Stanbic Bank August PMI registers growth

By Ambrose Gahene

The Headline Stanbic Bank Uganda Purchase Manager’s index {PMI} for August signaled a further improvement in the health of the Ugandan private sector. At 54.1 in August up from 54.3 in July, the seasonally adjusted index was above the average recorded over 15 months of data collection so far. Commenting  on  Augusts’  survey  findings,  Jibran Qureishi,  Regional  Economist  East Africa,  at  Stanbic  Bank said: “The private sector continued to show encouraging signs  of  improvement  in  August  with  the  PMI average recorded over the past two months of 54.2 being much higher than the 51.6 average in the first two  quarters  of  2017.  Indeed,  even  though  export orders  were  down  in  August,  firms  are  likely  to begin  exporting  much  more  over  the  remainder  of the year and beyond as political risk in key trading partners  could  begin  to  subside.  Moreover, the current stable macroeconomic environment is likely to  bode  well  for  the  Ugandan  private  sector  in FY2017/18  and  continue  to  moderately  get  the economy back on firm growth trajectory path. ”

Analysing the performance of the various sectors Anne Juuko Stanbic Bank Uganda’s head of Global Markets revealed; “Following stability in the preceding month, the wholesale & retail sector returned to growth in August. In addition, further improvements in business conditions across the remaining sectors (agriculture, construction, industry and services) were maintained from the previous survey period.’’
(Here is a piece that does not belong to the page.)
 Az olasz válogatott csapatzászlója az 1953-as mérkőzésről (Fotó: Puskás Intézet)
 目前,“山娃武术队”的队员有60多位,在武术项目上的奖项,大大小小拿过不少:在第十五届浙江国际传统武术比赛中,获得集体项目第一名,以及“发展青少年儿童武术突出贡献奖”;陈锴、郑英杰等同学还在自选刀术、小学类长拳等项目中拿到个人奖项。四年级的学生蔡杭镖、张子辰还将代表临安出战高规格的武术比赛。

She noted that the Uganda’s private sector registered increases in both output and new orders for the seventh consecutive month. In response to greater output requirements, private sector firms raised their payroll numbers accordingly with all five monitored subsectors increased their staffing levels during August.

In contrast to the trend seen for total new business, new export orders fell during August, with panellists mentioning political instability in key export markets namely; Southern Sudan and Kenya where fresh elections have just been announced.
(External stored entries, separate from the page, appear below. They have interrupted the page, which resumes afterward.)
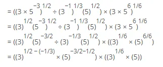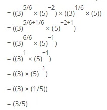 $=\left((3)^{\frac{3+2}{6}} \times(5)^{-\frac{4}{2}}\right) \times\left((3)^{\frac{1}{6}} \times(5)\right)$
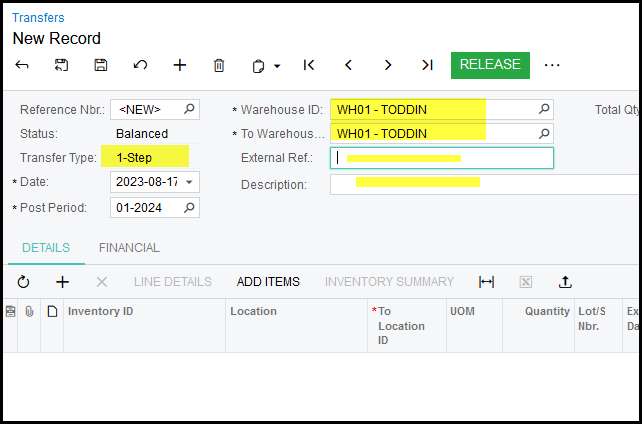 2. The system will default to a 1-step transfer (2-step transfers is used when you want some else to receive the transfer for a different warehouse.)
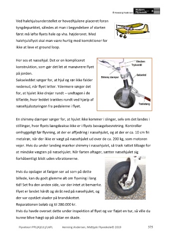 vejer. Hvis du under landing mærker shimmy i næsehjulet, så træk rattet tilbage for
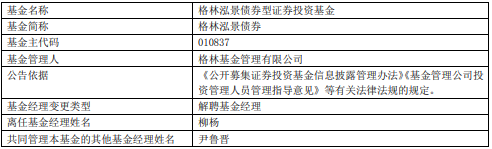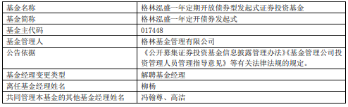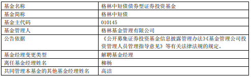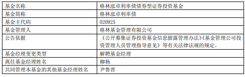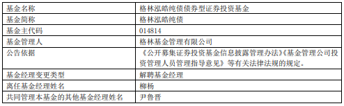 中国经济网北京9月29日讯 近日,格林基金公告,柳杨离任格林泓卓利率债、格林泓利增强债券、格林聚合增强债券、格林泓旭利率债、格林泓景债券、格林中短债、格林泓皓纯债、格林泓盛一年定开债券发起式、格林鑫悦一年持有期混合。
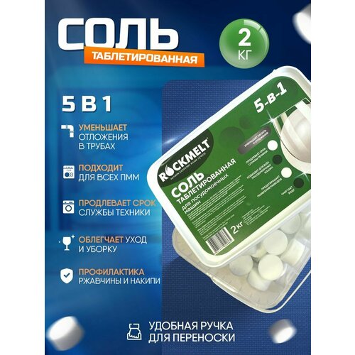 Соль таблетированная Rockmelt для посудомоечных машин 5-в-1 с профилактикой ржавчины и накипи, ведро 2 кгСоль таблетированная для посудомоечных машин 5-в-1, ведро 2 кг
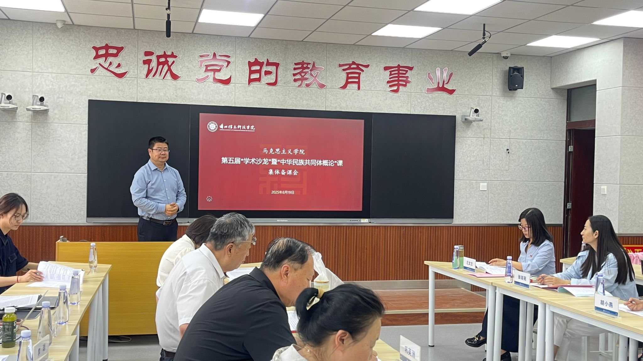 为了深入学习贯彻落实习近平总书记关于加强和改进民族工作的重要思想,进一步深化铸牢中华民族共同体意识教育,及时总结“中华民族共同体概论”课程建设和用好教材等方面的经验和问题,进一步提高“中华民族共同体概论”课教学质量,充分发挥课堂教学主渠道作用,不断巩固师生中华民族共同体思想基础。beat365英国官方网站马克思主义学院于2025年6月19日-20日开展了“第五届学术沙龙”暨“中华民族共同体概论”课集体备课会,学校党委部门相关负责同志和马克思主义学院全体教师参加活动,活动由马克思主义学院院长张喆主持。
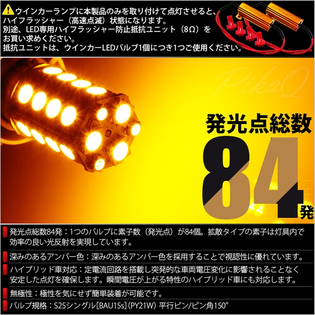 ◆ウインカーランプに本製品のみを取り付けて点灯させると、ハイフラッシャー(高速点滅)状態になります。別途、LED専用ハイフラッシャー防止抵抗ユニット(8Ω)をお買い求めください。抵抗ユニットは、ウインカーLEDバルブ1個につき1つご使用ください。
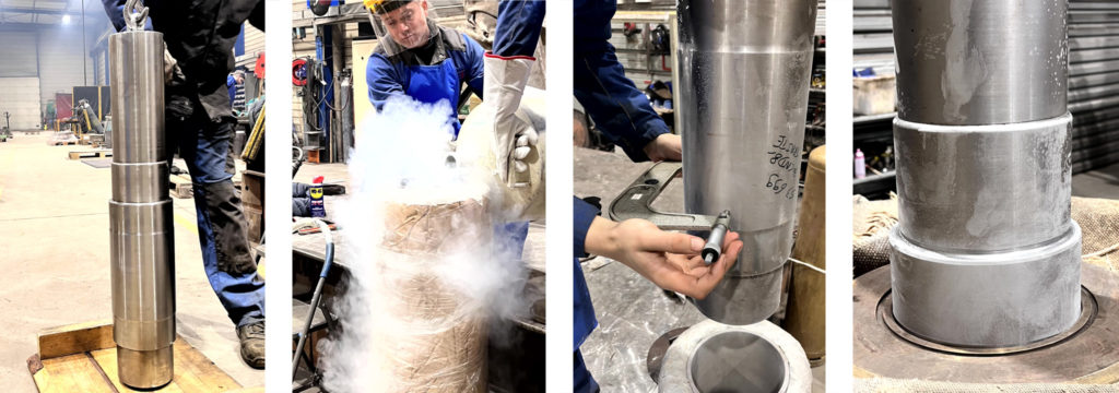 Nous avons monté l’arbre sur le galet en quelques instants, en jouant sur les températures simultanément. Galets chauffés à 180 degrés et arbres refroidis avec de l’azote liquide à – 200 degrés, soit 400 degrés d’écart entre les deux éléments à monter ensemble. Une fois revenus à une température identique, le montage est sûr et précis >> un client satisfait !

The Stanbic PMI is a composite index, calculated as a weighted average of five individual sub-components: New Orders (30 per cent), Output (25 per cent), Employment (20 per cent), Suppliers’ Delivery Times (15 per cent) and Stocks of Purchases (10 per cent). Readings above 50.0 signal an improvement in business conditions on the previous month, while readings below 50.0 show deterioration.

About Stanbic Bank Uganda

Stanbic Bank Uganda is a member of the Standard Bank Group, Africa’s largest bank by assets. Standard Bank Group reported total assets of R1,98 trillion (about USD128 billion) at 31 December 2015, while its market capitalization was R184 billion (about USD11,8 billion). The group has direct, on-the-ground representation in 20 African countries. Standard Bank Group has 1 221 branches and 8 815 ATMs in Africa, making it one of the largest banking networks on the continent. It provides global connections backed by deep insights into the countries where it operates.
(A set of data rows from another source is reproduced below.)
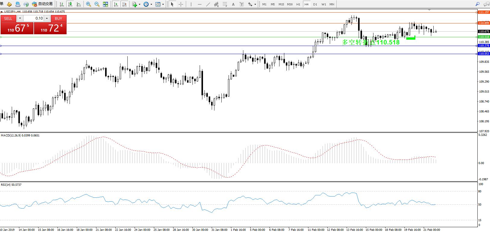 交易策略:110.518上方看涨,目标110.899111.197
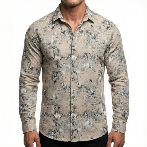 پیراهن مردانه آستین بلند کنفی طرحدار رنگ کرم
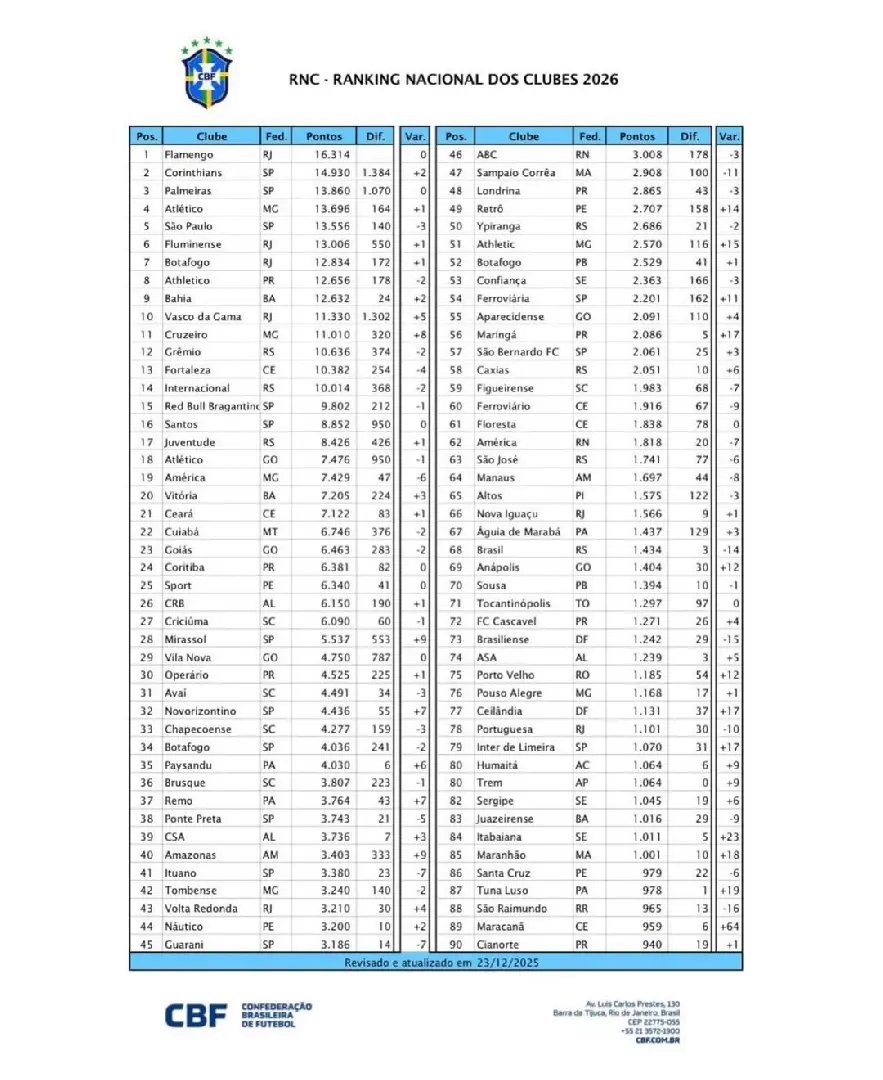 No topo do ranking, não houve mudanças significativas. O Flamengo lidera a lista pelo sexto ano consecutivo, seguido por Corinthians, Palmeiras, Atlético Mineiro e São Paulo, que completam o Top 5 nacional.
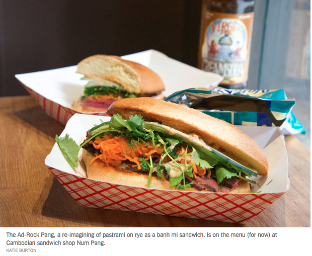 3. Assemble the Ad-Rock Pang: Wrap the pastrami in a paper towel and microwave on high in 20-second increments until it is warmed through (or steam the pastrami on the stovetop until it is warmed through). Spread the chili Russian dressing inside of each baguette, evenly coating both the top and bottom sides. Divide the pastrami among the bottom halves of each baguette. To the top half, add a few cucumber slices followed by 2 cilantro sprigs and 2 dill sprigs. Add the pickled carrots on top, sandwich the two halves together and serve with potato chips, a cream soda and a pickle (if desired).

Stanbic Bank Uganda provides the full spectrum of financial services. Its Corporate & Investment Banking division serves a wide range of requirements for banking, finance, trading, investment, risk management and advisory services. Corporate & Investment Banking delivers this comprehensive range of products and services relating to: investment banking; global markets; and global transaction products and services. Stanbic Bank Uganda personal & business banking unit offers banking and other financial services to individuals and small-to-medium enterprises. This unit serves the increasing need among Africa’s small business and individual customers for banking products that can meet their shifting expectations and growing wealth.